Please leave out pictures and print exactly the lines from the one that has "Young african american" through the last line of the material below.

> **Stored data**:
+-------+
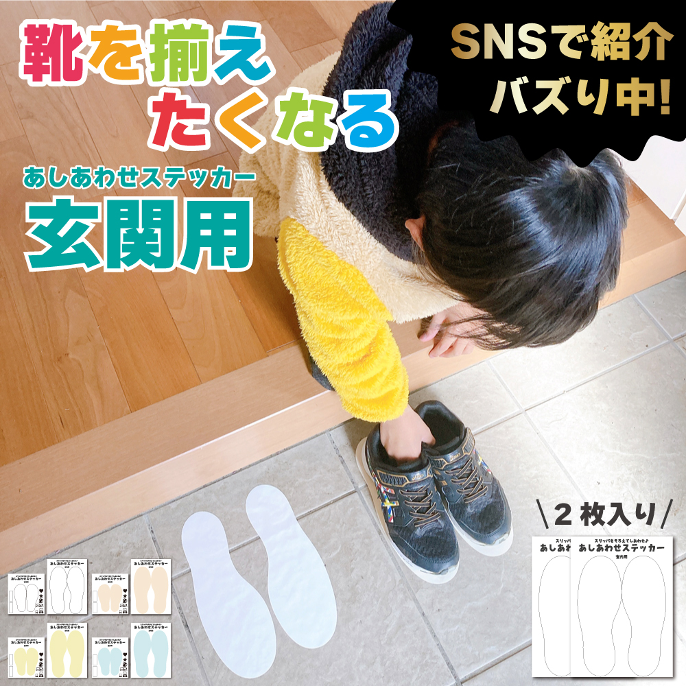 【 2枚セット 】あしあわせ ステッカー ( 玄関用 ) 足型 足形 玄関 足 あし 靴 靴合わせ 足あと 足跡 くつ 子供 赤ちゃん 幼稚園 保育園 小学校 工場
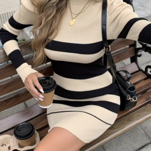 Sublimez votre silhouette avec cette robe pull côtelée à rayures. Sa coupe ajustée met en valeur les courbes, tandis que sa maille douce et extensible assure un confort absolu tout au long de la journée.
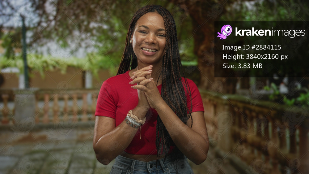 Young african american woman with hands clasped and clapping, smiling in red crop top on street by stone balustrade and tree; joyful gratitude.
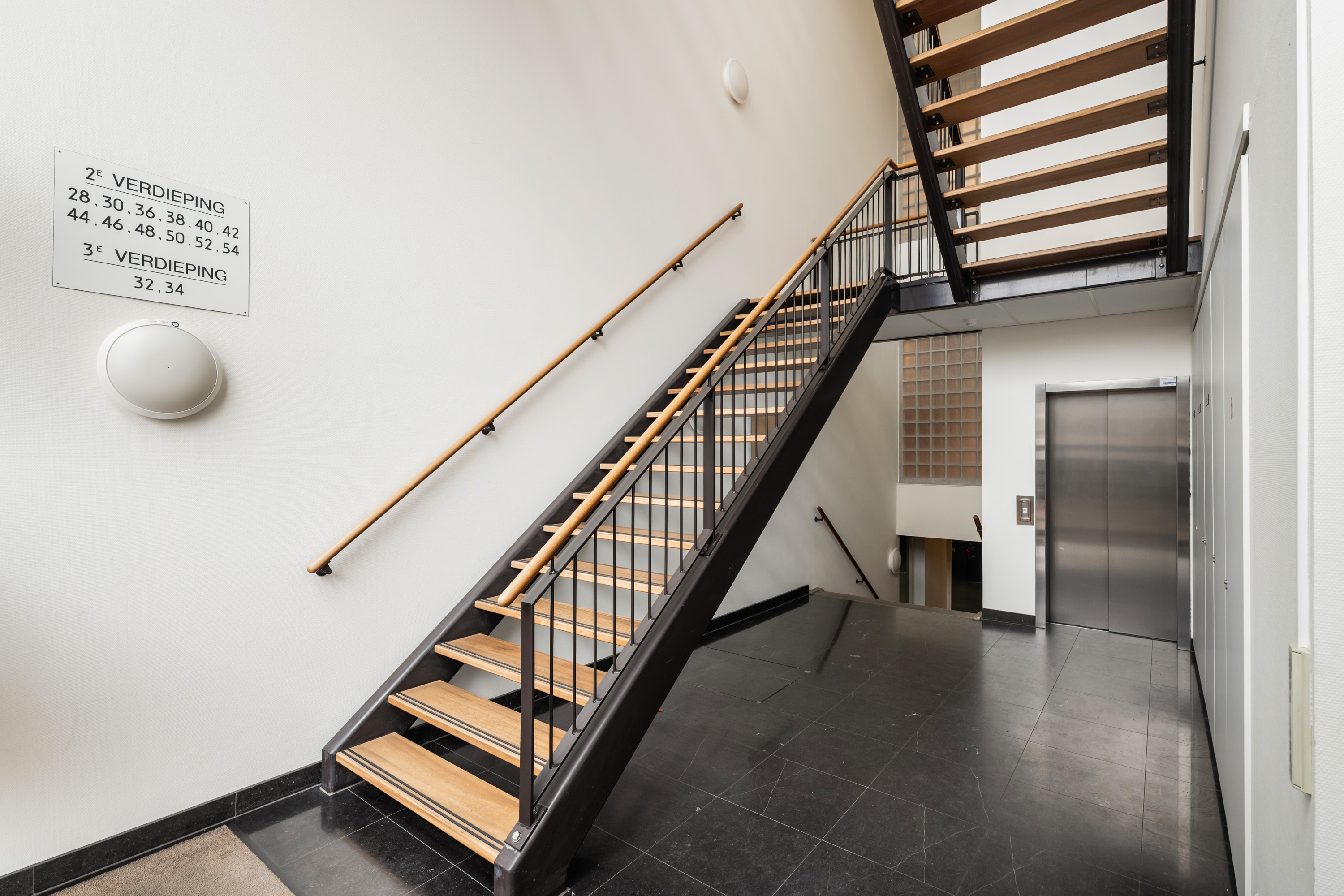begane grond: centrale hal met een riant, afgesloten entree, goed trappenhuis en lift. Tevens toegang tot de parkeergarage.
+-------+
> **Response**:
 Young african american woman with hands clasped and clapping, smiling in red crop top on street by stone balustrade and tree; joyful gratitude.
begane grond: centrale hal met een riant, afgesloten entree, goed trappenhuis en lift. Tevens toegang tot de parkeergarage.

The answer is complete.